In their lawsuit against the president’s plan headed to the Supreme Court, six GOP-led states argue that companies in their states that service federal student loans, particularly the Missouri Higher Education Loan Authority, or MOHELA, would lose profits as a result of federal student loan forgiveness. But the law professors say that, in that case, MOHELA should have brought the legal challenge, not the states. The other states in the suit are Nebraska, Arkansas, Iowa, Kansas and South Carolina.
“Missouri is not the proper party to pursue relief for MOHELA’s lost loan servicing fees,” Baude and Bray wrote.
“Whether under modern doctrine or more classical terminology, the federal courts have the power to issue the requested relief only if it is being requested by the correct plaintiffs,” they wrote.
The legal challenges follow a trend that Baude and Bray say they find worrisome, in which states are too easily allowed to challenge a federal action they disagree with.
If the justices side with the states and overlook their shaky legal standing, the professors write, the Supreme Court risks sitting “in constant judgment of every major executive action — which is not its constitutional role.”
More than 10 other amici curiae briefs have been filed with the Supreme Court in support of the president’s loan forgiveness plan.
A former U.S. representative from California, George Miller, filed one of those defenses, arguing that the Heroes Act of 2003 allows the Biden administration to carry out its plan. Miller was a co-sponsor of that legislation.
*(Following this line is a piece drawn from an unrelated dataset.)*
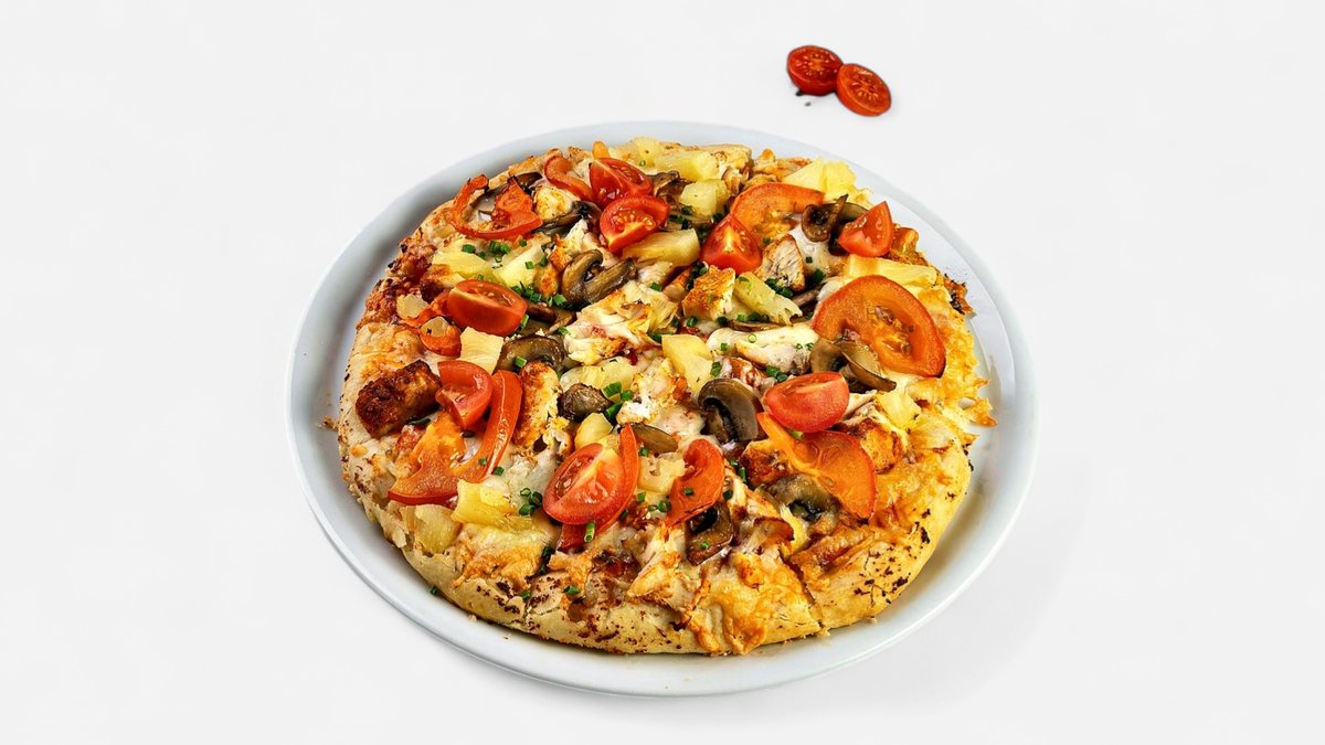 Klasiska picas pamatne ar aromātisku picu mērci, ķiplokiem un oregano, bagātīgi pārklāta ar rīvētu sieru, sulīgu ceptu vistas fileju, ceptām sēnēm, saldiem ananāsiem, svaigiem maurlokiem un ķiršu tomātiem Alergēni: 1,6,7,9

“The Heroes Act gives the Secretary of Education the authority to ‘waive or modify any statutory or regulatory provision’ regarding federal student-loan programs ‘as the Secretary deems necessary in connection with a … national emergency,'” Miller wrote in his amicus curiae brief. The country has been operating under an emergency declaration due to Covid since March 2020.
The Biden administration has cited the Heroes Act of 2003 as the law that grants it permission to carry out its loan forgiveness plan, saying that the public health crisis has caused considerable financial harm to student loan borrowers and that its debt cancellation is necessary to stave off a historic rise in delinquencies and defaults.
More than 20 state attorneys general argue in their brief that “the relief offered to borrowers falls squarely within the authority Congress gave the Secretary to address such emergencies.”
“The Secretary’s action here is appropriately calibrated to ensure that the borrowers who have been hardest hit during the pandemic will not needlessly default on their student loans and suffer the attendant cascade of economic harms,” the attorneys general wrote.
The justices will hear oral arguments Feb. 28.